採卵4回、移植6回。使った金額500万円。
福岡に戻るタイミングで、不妊治療をやめた。

この道、判定日に「役立たず。無価値。生物として失格」って自分を追いつめながら帰ったなぁとか、妊婦さんや赤ちゃん連れの人が視界に入ると顔を背けて歩いたなぁとか、夫に八つ当たりしてわざわざ別の電車に乗ったなぁとか、場所にまつわる嫌な記憶を福岡でつけたくなかった。
東京の最高峰と言われるクリニックでできなかったんだから、あきらめもついた。

そして福岡に戻ってから、かねてより夫と話していた特別養子縁組で子どもを迎える手続きを始めた。
特別養子縁組で子どもを迎えるには、自治体の児童相談所と民間のあっせん団体経由があるが、わたしたちは民間のあっせん団体にまず申し込んだ。
(その後、自治体の児童相談所で里親登録の研修も受けたが、里親登録が終わる前に団体の審査に合格したため途中で辞退となった。でも、このときのつながりが今も活きているので里親の研修を受けてとてもよかった)

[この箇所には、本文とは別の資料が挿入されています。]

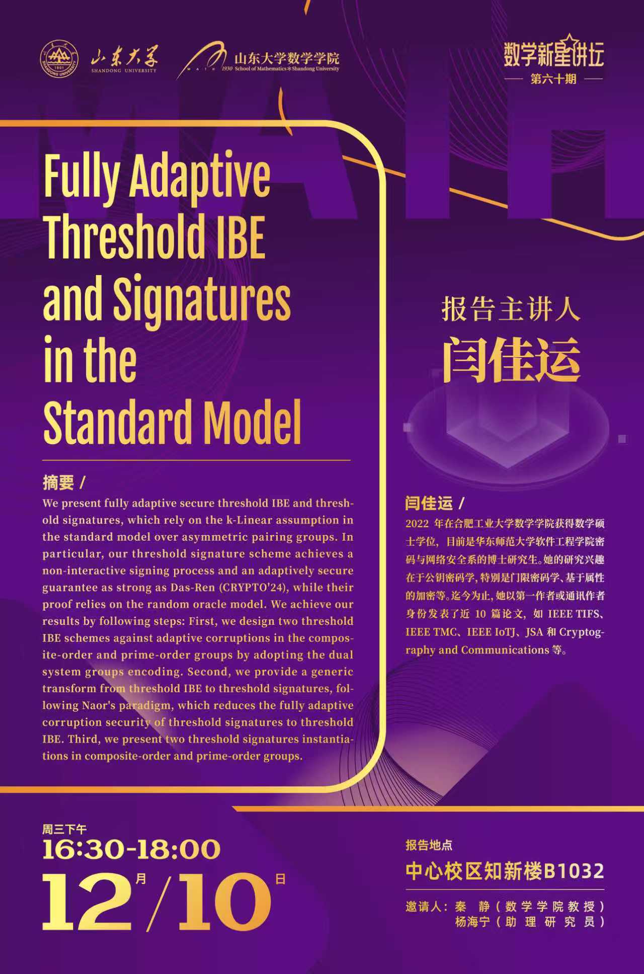 上一条:BB贝博艾弗森官网珠峰讲坛第918期:分布式属性基加密

団体の審査は、書類審査→面接→家庭訪問というように段階がある。
テストと違って正解が分からないものだから、不妊治療のときと同じように迷いながら進んでいた。
不合格でも理由は教えてもらえないし、合格しても何を評価してもらえたのかは教えてくれない。

審査が終わると「あそこの回答、まずかったかなぁ!? 話してるうちに分からなくなって、変な方向に行っちゃったんだよぅ……。あぁーーー!!」って寝る前に枕に叫ぶわたし。
対して夫は、後悔はしたところで回答は変わらないんだから、そういうのムダ。と割り切れる人なのでさっさと寝に入ってた。

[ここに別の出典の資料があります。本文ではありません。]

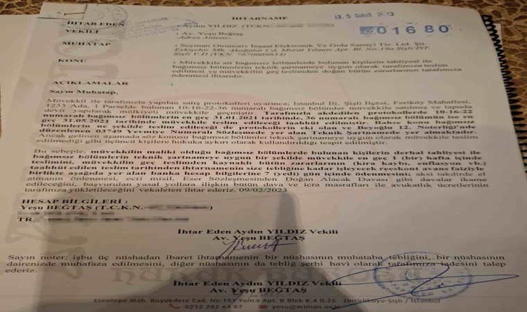 İddiaya göre, Gayrimenkul Uzmanı Aydın Yıldız Şişli Feriköy Mahallesi’nde 3 sene önce yeni yapılmaya başlanan bir binadan 4 daire satın aldı. Dairelerin teslim edilmesi konusunda iddiaya göre, pandemi döneminde yaşanan fiyat farkı bahane edilerek sıkıntı yaşandı. Tapulu dairelerini bir türlü teslim alamayan Yıldız, müteahhide konuyla ilgili davacı olacağını söyledi. Bunun ardından tehdit telefonları kesilmedi. Babasının mezarına giden Yıldız, iddiaya göre kimliği belirsiz kişiler tarafından takip edildi. Yanına gelen kişiler, Yıldız’a alacaklarını olduğunu söyleyerek dairelerinden birini istedi. Bu isteği geri çeviren Yıldız, kendisini tehdit ettirdiğini öne sürdüğü müteahhitten davacı oldu. Bu süre içinde Yıldız’ın daireleri kendisi yurtdışındayken ondan habersiz bir şekilde kısa süreliğine kiraya verildi. Bir süre sonra boşaltılan daireler daha sonra yeni kişilere kiralandı. Şahısların kaçak elektrik kullandığını ve sahte belgelerle daireye su bağladıkları iddia eden Yıldız, dava sürecinin devam ettiğini belirterek sorumluların yakalanmasını istedi.

手応えがないのに審査を通過して、団体から委託したいお子さんがいるという連絡を受けたのは去年の夏のこと。
生後5日でうちに来てくれた小さい命は、柔らかくてあたたかかった。
ただ当初はこの命を守らないといけないという責任感ばかりだったし、自分の子どもになってくれるという実感もなかったし、周りからママと呼ばれるのも慣れなかった。
今では子どもがいてくれる幸せを、わたしに向けてくれる笑顔の尊さを噛みしめている。

わたしたちは運良く子どもを迎えられた。
各団体に申し込み条件があって、望んでも申し込みさえできない人もいるし、どんなに切望しても審査に通らないとどうしようもない。
だから、自身に子どもを授かるのと同じく、わたしたちが養子を迎えられたのはたまたま運がよかっただけと思っている。

夫婦でどんな話し合いをしたのかとか、親や周りの人への説明はどうしたのかとか、会社にはいつ言ったのかとかはそれだけで1本の記事になるから今日は概要だけで終わります。
(審査の内容は団体との約束で書けません。それを期待して読んだ方ごめんなさい。わたしも審査中はたくさん探したから気持ちはわかる!(書いてる人もいるから探してみて))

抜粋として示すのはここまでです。